Tuesday, November 24, 2020
Saturday, November 21, 2020
When I was in my twenties and wanted to be a writer, I read pretty much everything by Jack Higgins, Len Deighton and Gerald Seymour. And the more I read, the more I began to think that if I worked hard enough and learned the craft, that I might one day be able to write the sort of books that they write. But I also read everything by John Le Carre, and the more I read of his work, the more I realised I would never be as good a writer as he is.
Now, forty years later, I like to think that I am just about in the same league as Jack Higgins, Len Deighton and Gerald Seymour. But when I pick up a new Le Carre, I’m always brought back to earth. After some thirty years earning my living as a thriller writer, I can see that I will never be as good a writer as the master..
I’ve just finished reading Le Carre’s latest - Agent Running In The Field - and wanted talk about it. (SPOILER ALERT - If you haven’t read it and think you might, don’t read any further as I will talk about the plot and the ending!)
It’s a great read, I stormed through it in a few days and read it late into the night. The writing is, as always, superb, and the characterisation is awesome, as are his descriptions of people and places. He writes at a totally different level to me. I’m not worthy.
So what I am posting about it? It’s not by way of criticism, it’s more a case of trying to get my thoughts in order and to see what everyone else thinks.
Here’s one thing that troubled me. Everyone in the book is rabidly anti-Trump and anti-Brexit. Everyone. There is no balance. Now, I’m not necessarily a fan of balance. My editor asked me to put in a favourable Somali person in my thriller about Somalian pirates, and I did understand and agreed even though I felt it wasn’t necessary. And generally I have Spider Shepherd to provide a more balanced view when faced with characters spouting extremist opinions be they right, left, racist or homophobic. But there is no one in this book to provide an opposing view. I just felt it was tiring being constantly told that only idiots supported Trump or wanted to leave the EU. And it felt to me that if you write like that you risk alienating half your readers!
The other issue I had was the plot. The ending made absolutely no sense to me. The hero - Nat- and his wife, help the would-be traitor Ed escape with his new wife, Flo. They sneak him out of a building and into a car they have rented and drive him to an airport. The idea is that Ed and Flo run away to start a new life somewhere in Europe. Wait, what? They have no money, no fake documents, how exactly are they going to do that? Fifty years ago it might have been possible to start a new life as easily as that, but these days? And Nat has openly helped a would-be traitor to escape. That means he and his wife are headed for prison. There’s no thought of what the repercussions will be. And would Ed’s alternative, of staying in place and becoming a double agent, be so bad? A few years of that and he could leave and start a new life with the blessing of the UK authorities. I really didn’t understand the ending. Or was I missing something? If you have read it, please let me know what you think!
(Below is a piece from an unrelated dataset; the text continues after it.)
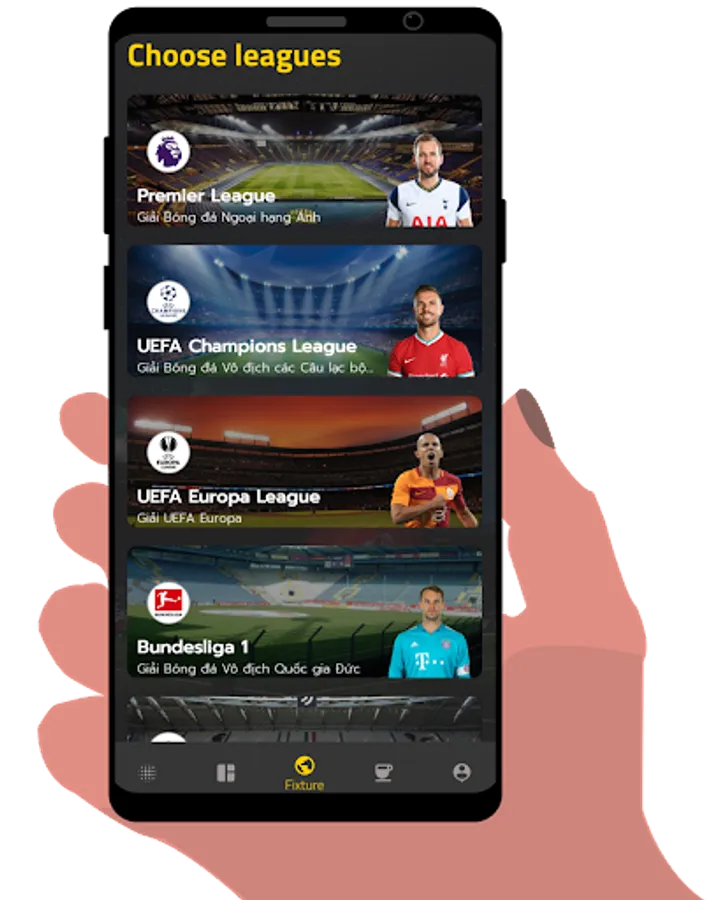 Theo dõi các trận đấu hấp dẫn nhất bao gồm cả các giải đấu bóng đá lớn như: V-League, UEFA Champions League, Ngoại Hạng Anh, La Liga Tây Ban Nha và hơn thế nữa.

But it was the tradecraft, I think, that worried me the most. In his early books I loved the operating secrets that he revealed, dead drop letter boxes, secret meetings, counter-surveillance measures, I always felt that he was telling me stuff that I really wasn’t supposed to know. But in this latest book, most of the tradecraft seems to be stuck back in the Seventies. Do agents still put secret papers in hollowed-out handles of badminton rackets? Do foreign spies still receive coded messages using one-off code pads? Do they listen to overseas radio stations to get their coded instructions? At one point Nat is wary of the phone extension in his bedroom. But he is happily carrying around a mobile that his bosses have given him. Doesn’t he realise that even when switched off it is capable of storing and transmitting everything heard in its vicinity? Doesn’t he know that lasers can pick up vibrations on his window and turn that into sound? The bedroom landline is the least of his worries.
He wants to contact a former spy and his way of contacting her is to write a note, sneak into her building, pop it through the letterbox and knock and run away. He then waits for her to join him on a bench. But he didn’t even know if she was home.
It was all very strange, as if spies from the 60s and 70s had been transplanted to the present day and who ignored all the technological advance that have been made over the decades. These days a landline is the last place you’d put a bug, and encrypted mobiles and websites are a safe way of communicating generally. A burner smart phone and a few WhatsApp accounts will do the job…..
Anyway, I did love the book, it entertained me and made me think, so job done. I’d love to hear any other opinions on it!